Schwerer wiegt der Forscherin und dem Leitenden Oberstaatsanwalt zufolge der Einwand, dass sich das Verfahren selbst durch die Technik verändern könne. Zum Beispiel, dass Zeug*innen eingeschüchtert sind und sich zurückhaltender vor Gericht äußern. »Es ist auf jeden Fall ein Eingriff in das Persönlichkeitsrecht der Angeklagten und Zeug*innen«, sagt die Doktorandin. Sie vermutet dennoch, dass die meisten Menschen recht schnell ausblenden, dass da eine Aufzeichnung mitläuft. Mikrofone seien eh schon im Gerichtssaal vorhanden, nun kämen lediglich kleine Kameras an der Decke hinzu. »Der Stressfaktor ist die Gerichtssituation selbst. Daher bezweifle ich, dass die zusätzliche Technik das Aussageverhalten signifikant beeinflusst. Aber genau können wir das wohl erst nach weiteren Erfahrungen beurteilen.«
Der Mensch soll nicht ersetzt werden
Hartmann zufolge horchen auch Richter*innen bei der Aussicht auf, dass das lästige Protokollieren in Zukunft wegfallen könnte. Doch sie befürchteten, dass die höher stehenden Instanzen unter Druck geraten könnten. Was als Entlastung der Gerichte gedacht ist, könnte dann zu einer neuen Belastung werden: »Das Revisionsverfahren ist eine reine Rechtsfehlerüberprüfung. Das heißt, es wird lediglich noch einmal auf die Urteilsgründe geschaut«, sagt Einnatz. Zeugenaussagen dürfen hier nicht noch einmal überprüft werden.
Doch die Existenz eines vollständigen Protokolls könnte den Druck auf die Gerichte erhöhen, sich noch einmal mit den Zeugenaussagen aus der vorherigen Instanz zu beschäftigen. »Manche Richter befürchten, dass sich dann der Charakter des Revisionsverfahrens verändert«, sagt Hartmann. Er sieht hier eine Lösung in der klaren Regelung, in welcher Instanz welche Beweismittel betrachtet werden dürfen. So müssten nicht alle Sachverhalte immer wieder aufgerollt werden.
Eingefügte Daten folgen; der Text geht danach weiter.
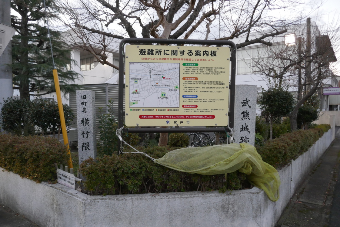 常陸吉田城を終えて水戸城方向へ移動し丁度中間に在る武熊城に初登城。水戸城からは南東に1.5km程の水戸市竹隈市民センターの東角に城名碑が側面に由来書きで立っています。

So sehr er eine Entlastung der Gerichte und eine Qualitätssteigerung ihrer Arbeit erwartet – Hartmann ist überzeugt, dass digitale Mittel und Künstliche Intelligenz immer nur ein Hilfsmittel sein können: »Wir wollen den Menschen auf keinen Fall ersetzen. In Deutschland gibt es weder einen ›Roboprosecutor‹ noch einen ›Robojudge‹ – und das wird auch nicht so kommen.«
DAS KÖLNER GERICHTSLABOR trägt Erfahrungen zur audiovisuellen Dokumentation von Strafprozessen zusammen, um die Potentiale dieser Technik zur Unterstützung von Gerichtsverfahren zu erkunden. Die Idee geht auf einen Workshop im Rahmen des EDV-Gerichtstages 2019 zurück, der Ideen sammelte, wie die Justiz in Deutschland digitaler werden kann.
Studierende haben mit dem Gerichtslabor seit September 2021 die Möglichkeit, sich realitätsnah auf ihre spätere Berufspraxis vorzubereiten. Das begleitende Forschungsprojekt »Elektronischer (Straf-) Gerichtssaal der Zukunft« untersucht parallel die Chancen und Grenzen der dort erprobten neuen Methoden und identifiziert möglichen Reformbedarf in der Strafprozessordnung.
Die technische Lösung, Fujitsu ARCONTE, ist ein vor Ort eingerichtetes System zur Aufzeichnung, Speicherung, Verwaltung und Verteilung aller audiovisuellen Protokolle, die im Gerichtslabor entstehen.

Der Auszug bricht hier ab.